While I recently revisited the material and started to port the examples to Scala I wasn’t able to define a proper monad instance for the type Parser[A].

The type Parser[A] alias was defined like this:

type Parser[A] = String => Option[(A, String)]
// defined type alias Parser

To test the monad laws with discipline I had to provide an instance of Eq[Parser[A]]. Because Parser[A] is a function, equality could only be approximated by showing degrees of function equivalence, which is not a trivial task.

Also the implementation of tailRecM was challenging. (I couldn’t figure it out.)

Using existing abstractions

Functional programming offers a lot of abstractions provided either by the core languages or by external libraries suited to solve every day low-level (domain agnostic) problems.

A good example is the Option type that models the potential absence of a value. Without Option we would be forced to redundantly reimplement low-level imperative handling of nulls and null reference exceptions everywhere.

Apparently it is a good practice to refine our types so that they can be applied to certain categories of problems that have already been solved. Then we can reuse existing abstractions that are battle tested just such as Option.

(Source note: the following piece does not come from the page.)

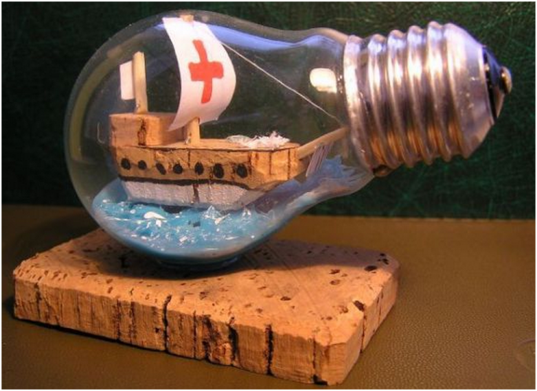 Вот более интересный вариант того, что можно сделать из лампочки, старый корабль в бутылке. На этот раз это судно в лампочке.

It turns out that the Parser type looks very similar to the state monad which is a monad instance on the function S => (S, A) where S represents the state. In the case of a parser the input state represents the input string and the output state represents the remaining unparsed string whereas A represents the result type of the parser.

When we now take into account that parsers might fail we can stack the State on top of an Option with the help of monad transformers.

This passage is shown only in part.